### THE DATA:
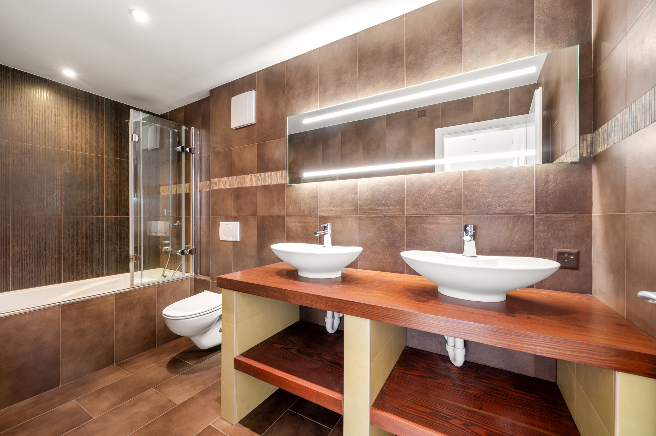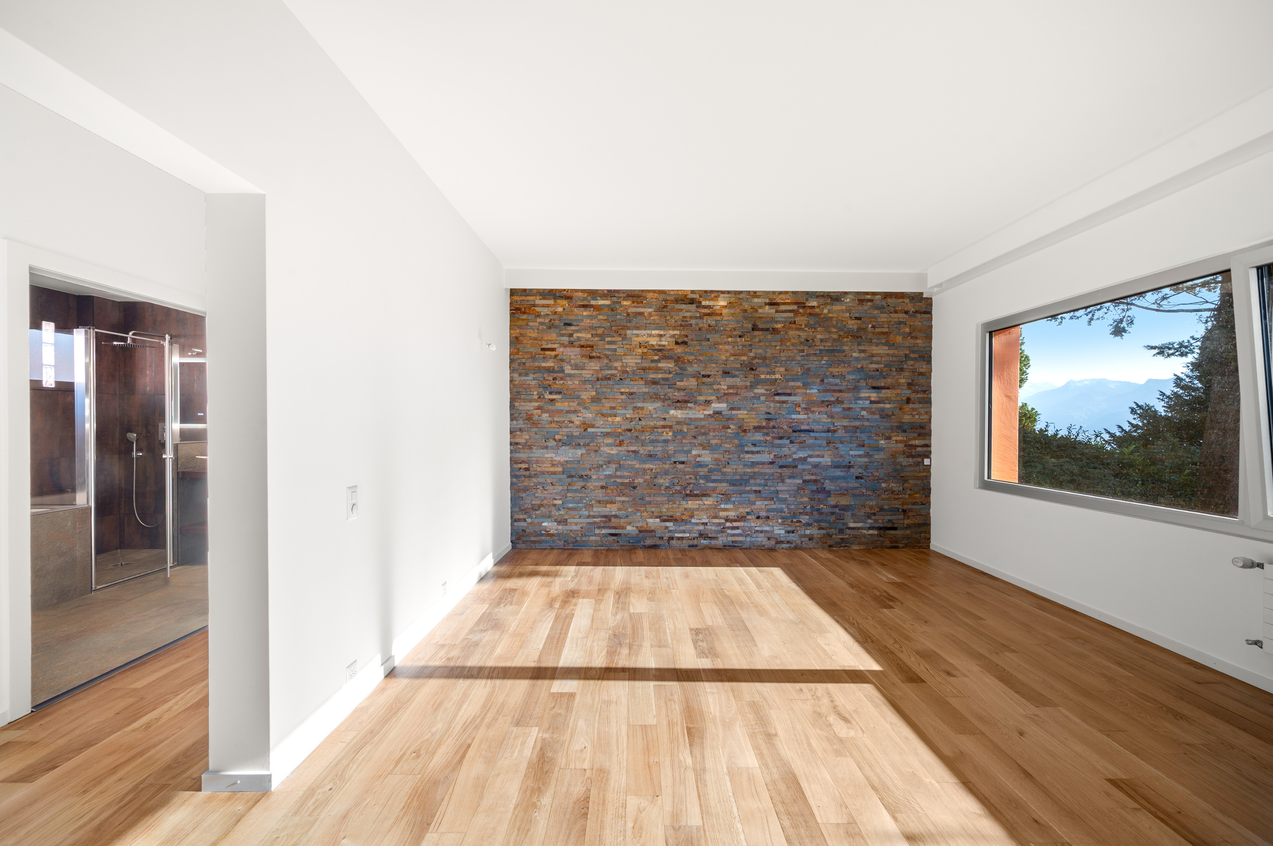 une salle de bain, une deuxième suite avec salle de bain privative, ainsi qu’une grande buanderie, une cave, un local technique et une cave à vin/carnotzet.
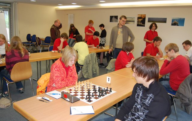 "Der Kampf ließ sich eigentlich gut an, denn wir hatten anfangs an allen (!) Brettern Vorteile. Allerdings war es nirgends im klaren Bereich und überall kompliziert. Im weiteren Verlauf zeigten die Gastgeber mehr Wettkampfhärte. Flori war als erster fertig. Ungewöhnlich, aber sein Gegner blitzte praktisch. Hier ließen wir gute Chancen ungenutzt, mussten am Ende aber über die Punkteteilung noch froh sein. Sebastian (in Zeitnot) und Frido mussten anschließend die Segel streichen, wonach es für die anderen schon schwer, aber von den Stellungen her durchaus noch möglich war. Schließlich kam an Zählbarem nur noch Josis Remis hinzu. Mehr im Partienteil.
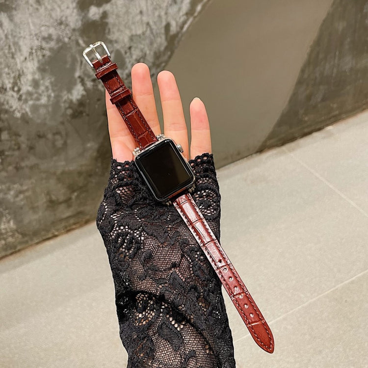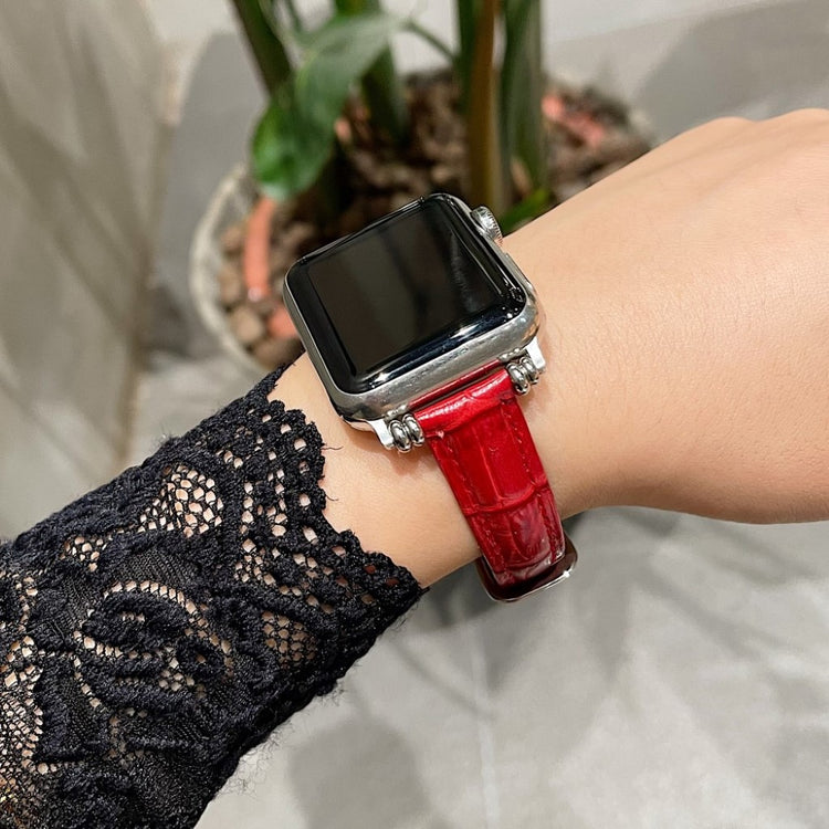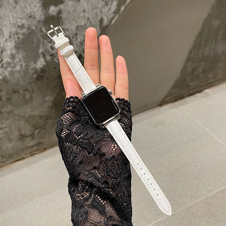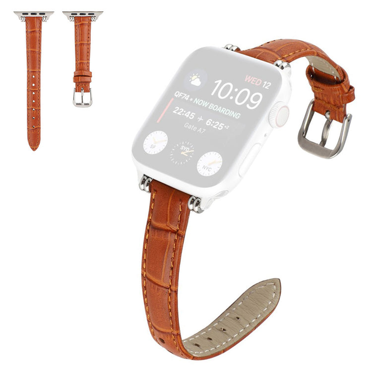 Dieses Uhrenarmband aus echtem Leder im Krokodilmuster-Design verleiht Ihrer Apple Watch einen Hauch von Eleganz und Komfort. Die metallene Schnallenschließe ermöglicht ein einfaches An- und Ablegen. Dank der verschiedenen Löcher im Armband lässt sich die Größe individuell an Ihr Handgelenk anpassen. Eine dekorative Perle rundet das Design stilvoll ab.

### INSTRUCTIONS FOR THE TASK:
Could you return the whole listing exactly, with every picture removed?

### RESULT FOR THIS EXERCISE:
 une salle de bain, une deuxième suite avec salle de bain privative, ainsi qu’une grande buanderie, une cave, un local technique et une cave à vin/carnotzet.
 "Der Kampf ließ sich eigentlich gut an, denn wir hatten anfangs an allen (!) Brettern Vorteile. Allerdings war es nirgends im klaren Bereich und überall kompliziert. Im weiteren Verlauf zeigten die Gastgeber mehr Wettkampfhärte. Flori war als erster fertig. Ungewöhnlich, aber sein Gegner blitzte praktisch. Hier ließen wir gute Chancen ungenutzt, mussten am Ende aber über die Punkteteilung noch froh sein. Sebastian (in Zeitnot) und Frido mussten anschließend die Segel streichen, wonach es für die anderen schon schwer, aber von den Stellungen her durchaus noch möglich war. Schließlich kam an Zählbarem nur noch Josis Remis hinzu. Mehr im Partienteil.
 Dieses Uhrenarmband aus echtem Leder im Krokodilmuster-Design verleiht Ihrer Apple Watch einen Hauch von Eleganz und Komfort. Die metallene Schnallenschließe ermöglicht ein einfaches An- und Ablegen. Dank der verschiedenen Löcher im Armband lässt sich die Größe individuell an Ihr Handgelenk anpassen. Eine dekorative Perle rundet das Design stilvoll ab.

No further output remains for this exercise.